Your goal: Without the images, set down each entry exactly.

Material for this exercise:

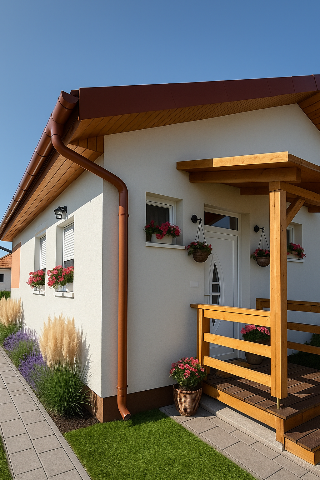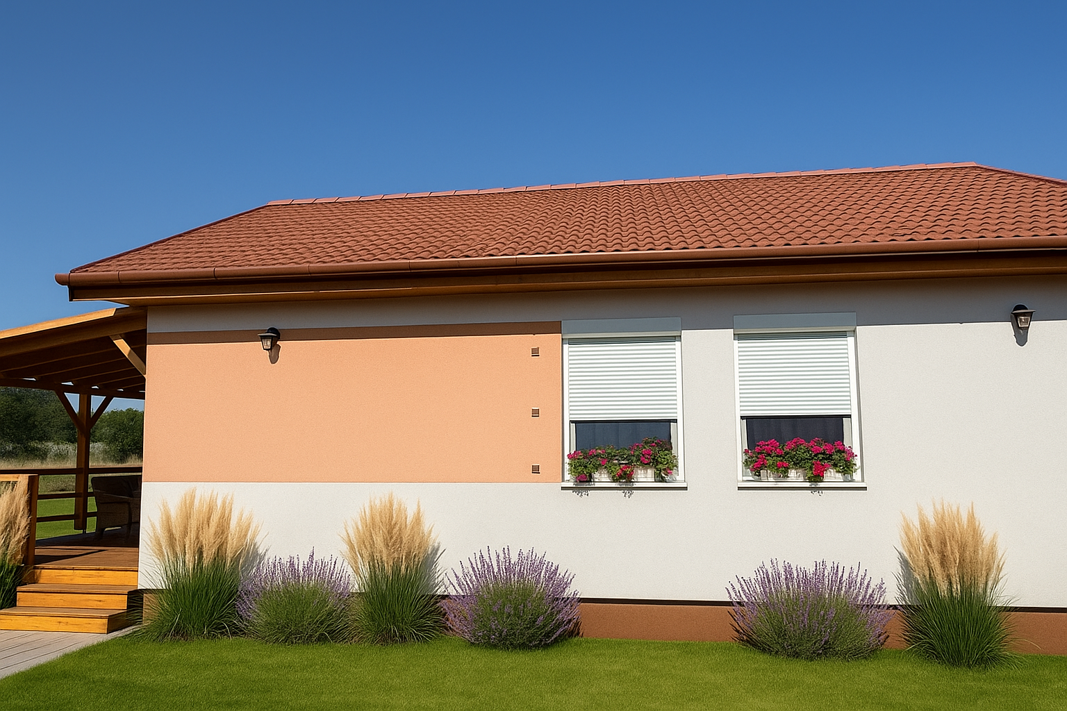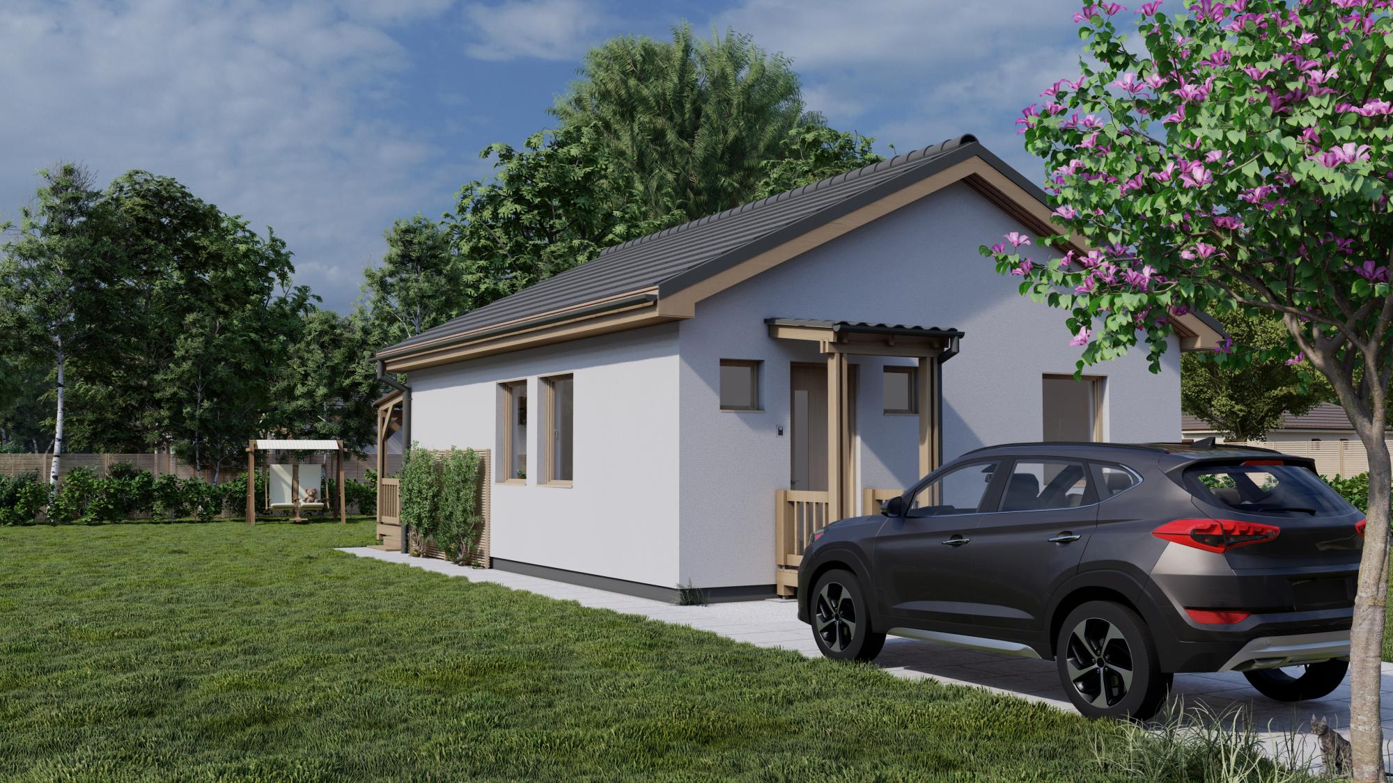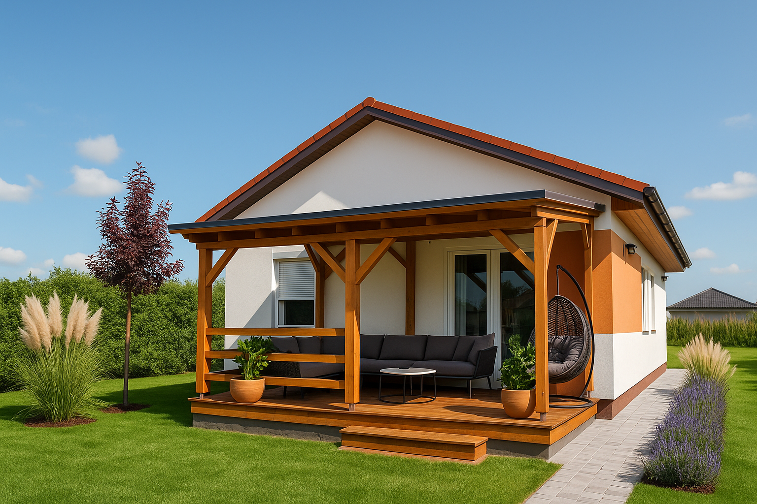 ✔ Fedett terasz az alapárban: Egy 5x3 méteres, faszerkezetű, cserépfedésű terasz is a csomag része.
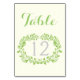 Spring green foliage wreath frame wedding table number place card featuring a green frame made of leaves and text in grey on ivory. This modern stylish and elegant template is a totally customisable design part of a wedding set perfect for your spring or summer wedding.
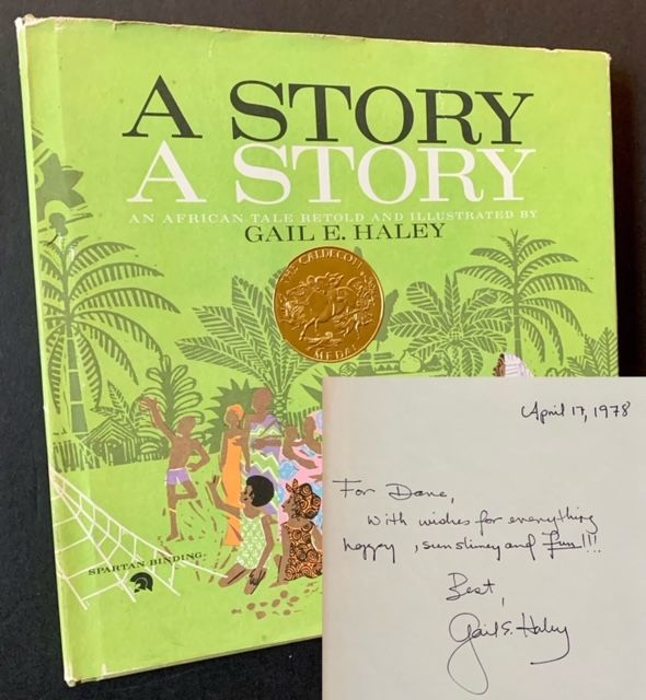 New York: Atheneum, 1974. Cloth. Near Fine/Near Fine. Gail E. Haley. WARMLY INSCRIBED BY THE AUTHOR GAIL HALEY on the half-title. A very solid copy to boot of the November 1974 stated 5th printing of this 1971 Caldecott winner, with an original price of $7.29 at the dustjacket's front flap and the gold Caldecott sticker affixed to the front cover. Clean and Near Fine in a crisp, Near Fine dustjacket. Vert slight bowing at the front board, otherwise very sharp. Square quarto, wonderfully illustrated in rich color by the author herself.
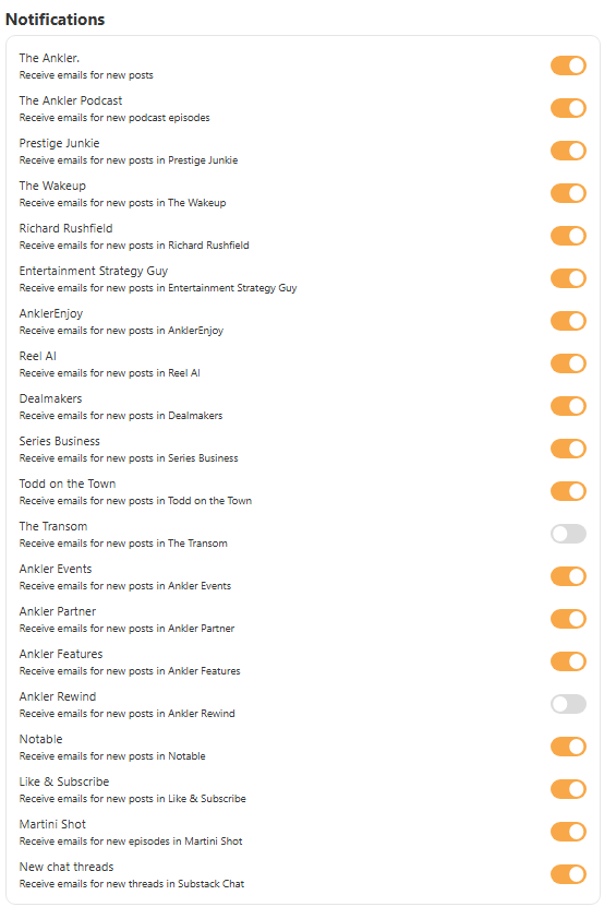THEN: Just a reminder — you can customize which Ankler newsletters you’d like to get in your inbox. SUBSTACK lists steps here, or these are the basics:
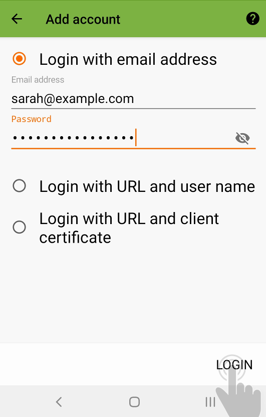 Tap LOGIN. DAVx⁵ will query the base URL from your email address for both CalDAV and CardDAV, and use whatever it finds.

The answer:
 ✔ Fedett terasz az alapárban: Egy 5x3 méteres, faszerkezetű, cserépfedésű terasz is a csomag része.
 Spring green foliage wreath frame wedding table number place card featuring a green frame made of leaves and text in grey on ivory. This modern stylish and elegant template is a totally customisable design part of a wedding set perfect for your spring or summer wedding.
 New York: Atheneum, 1974. Cloth. Near Fine/Near Fine. Gail E. Haley. WARMLY INSCRIBED BY THE AUTHOR GAIL HALEY on the half-title. A very solid copy to boot of the November 1974 stated 5th printing of this 1971 Caldecott winner, with an original price of $7.29 at the dustjacket's front flap and the gold Caldecott sticker affixed to the front cover. Clean and Near Fine in a crisp, Near Fine dustjacket. Vert slight bowing at the front board, otherwise very sharp. Square quarto, wonderfully illustrated in rich color by the author herself.
THEN: Just a reminder — you can customize which Ankler newsletters you’d like to get in your inbox. SUBSTACK lists steps here, or these are the basics:
 Tap LOGIN. DAVx⁵ will query the base URL from your email address for both CalDAV and CardDAV, and use whatever it finds.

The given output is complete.